Full circle?

Today is the first day of a new year and a new decade.  As much as I’ve struggled questioning the value of this site I am officially done wondering.  I need this site.  If anyone else finds it useful, then more healing will come, and we will find each other. A widening circle of compassionate understanding is a radical and joyous thing.

The circle that seems to be coming around fully, however, is the one that began in 1988.  That was the first time a group of us gathered to talk about our lives as women who lived with “self-injury.”  The first meetings I organized, and the first issues of the newsletter The Cutting Edge, were for women as I did not yet understand this is not a gender issue but a trauma one.  The meeting space, whether the physical one or the one on paper, was critical to create as there were few, if any, safe places to go if you were a person who, in the words of psychiatrists, “self-mutilated.”

Psychiatry, the behavioral health care business, has not been a refuge.  I coped with my childhood horrors in many ways, one of them being self-directed violence (another was societal achievement, go figure).  But I barely survived the shaming, degrading, and very expensive “treatments” forced upon me that eventually brutalized the coping skills I had retained.  I escaped the hospitals and pills and labels as soon as I sorted out how harmful they were but it took years.  I left them behind and began this work.

It was a time of unquestionable belief in this “disease” model of what is “mental illness.”  Diagnoses were strewn about as if they were real, genetic theories were being promoted as if one’s DNA at birth would dictate a person’s future.  And “experts” became very comfortable with making decisions about people from the pages of a book called the “DSM” and then prescribing “treatments” meant to control their patients’ behavior.

If you lived with self-directed violence (SDV) and got caught up in the system you were in for a world of hurt.  Not all of us survived the attempts to dominate us, to force us to change behaviors without even understanding why they felt necessary.
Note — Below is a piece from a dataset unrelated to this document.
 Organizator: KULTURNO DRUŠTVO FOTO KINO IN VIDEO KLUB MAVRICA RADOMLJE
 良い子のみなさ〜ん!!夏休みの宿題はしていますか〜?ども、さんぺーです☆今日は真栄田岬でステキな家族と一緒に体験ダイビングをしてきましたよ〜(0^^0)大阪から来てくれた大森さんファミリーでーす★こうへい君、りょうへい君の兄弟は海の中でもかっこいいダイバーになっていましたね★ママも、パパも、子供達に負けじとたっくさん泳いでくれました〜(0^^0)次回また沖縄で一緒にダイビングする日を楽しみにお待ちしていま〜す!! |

Of course this is not news.  In the late 1980s and early 1990s we needed a way to find each other safely and create our own ways to healing.  And in time pockets of support and understanding opened up as more people became aware that those who receive psychiatric labels are people coping with the impact of unhealed trauma.  And that the answer was in support and empowerment and collaboration.  I had, in the 1990s and up until a few years ago, the incredible privilege of bringing my perspective, my vision to the table in many places.  I worked under Republican and Democratic administrations.  I was a part of research, policy development and trauma-informed care implementation groups.  The system as whole still sucked but there were cracks there and they were widening and many more people had the opportunity to heal.
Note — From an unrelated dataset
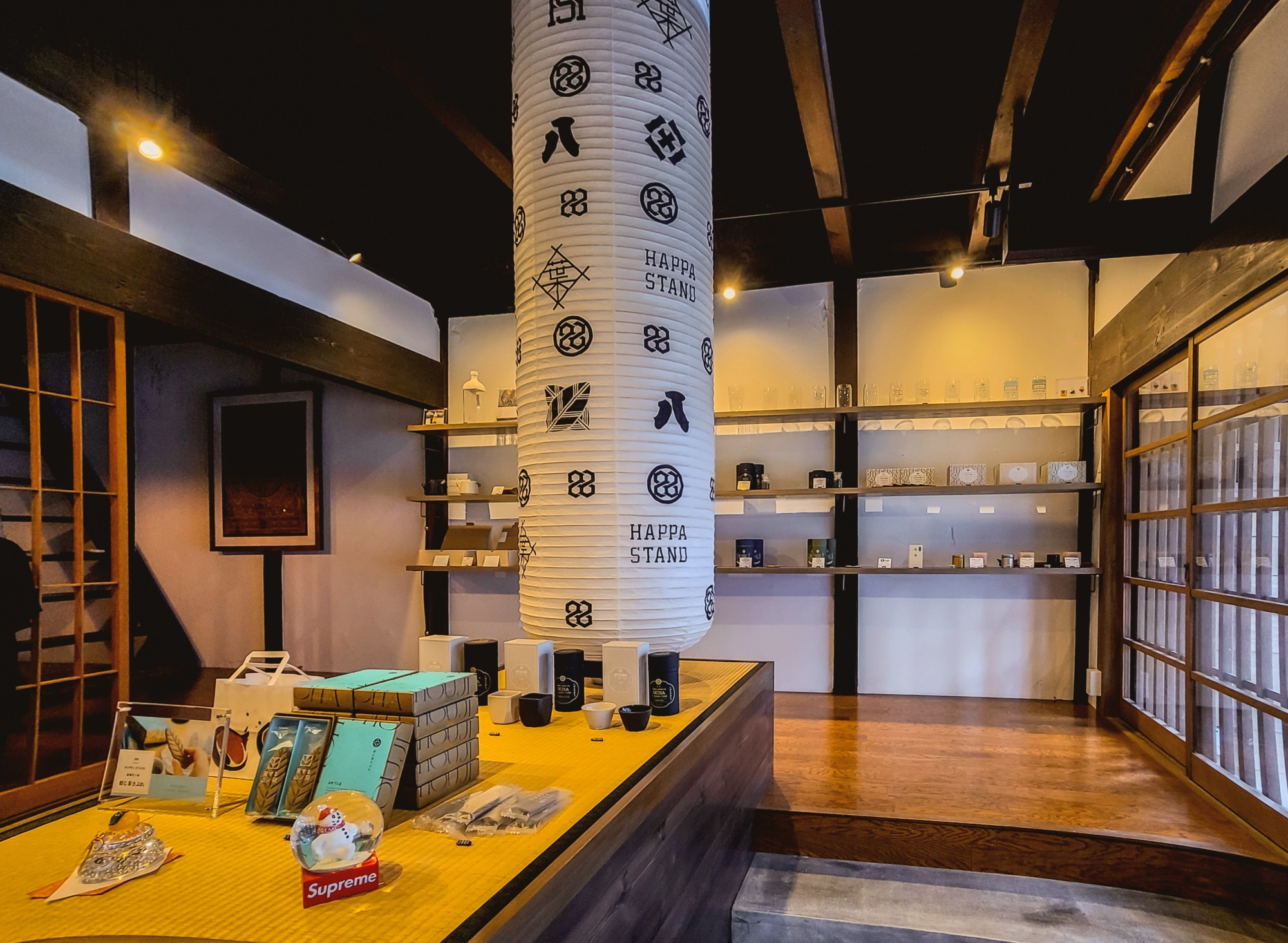 天井から吊るされた提灯が一際目を引きます。農薬を使用しないオーガニックの日本茶や、型からデザインをしたオリジナルの美濃焼の器が販売されています。
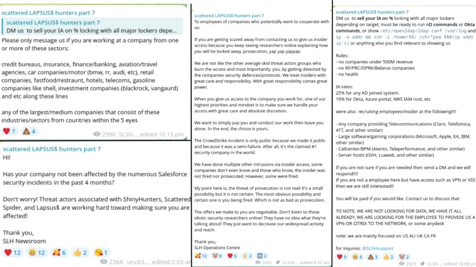 Narrative control and recruitment: Beyond pure intrusion, the actors use public channels to shape expectations: after high-profile events (e.g., CrowdStrike), they posted denials/clarifications aimed at minimizing forensic attribution while simultaneously using the publicity to recruit insiders. This is a deliberate method: by controlling the story they reduce investigatory clarity and increase the perceived value of insider partnerships, turning press attention into an asset for scaling future operations.

OK, Ruta, are these the rambling of a geezer reflecting on her work?  Yes and no.  Yes I am reflecting on the beginning of my journey.  But I am not rambling.  I am sitting here in cold recognition that the current climate in the US government and the psychiatric industry is back to the place when I first began this work.  Understanding trauma and how people adapt and cope, and how healing requires partnership, compassion and empowerment… yes those principles exist in various place but the light is getting dimmer.  It is getting cold again.  The current governmental and psychiatric industry manipulations are shifting back to the ideas that people labeled with “diagnoses” from the now much heavier version of the DSM need to be controlled.  The statistics about us are being skewed to portray us as violent when in truth it is the opposite.  There are widening numbers of people encouraging force of “treatment” as if that wasn’t an oxymoron.  There is a strong push to build more institutions, those places with locked doors, powerful brain destroying drugs and ropes to tie you down with (they are called restraints and are billable).  The idea of force as a solution is back in full force.  Pharmaceutical industry power has increased even more than before, hard to believe it could.

And I’m just now starting to piece this together.  It feels like it did 30 years ago and it is becoming horrific again.  I need a place to come to and vent.  I need a place to be present, so if someone wants a safe place to come they will find one.  I need to provide a place with the intention of creating a community that can shelter it’s individuals while striving to bring truth to power.  Yup, those old slogans are rising back up.  Might need to make a few t-shirts.  And tie-dye, of course.  I don’t want to hear about more people locked away again, drugged, demeaned, disempowered, gutted. Not without having something I can do about it.  And that is to write this and keep building this web site for those who need it.  So far I know that I do.  I’ll sleep better tonight.  I am welcoming myself home.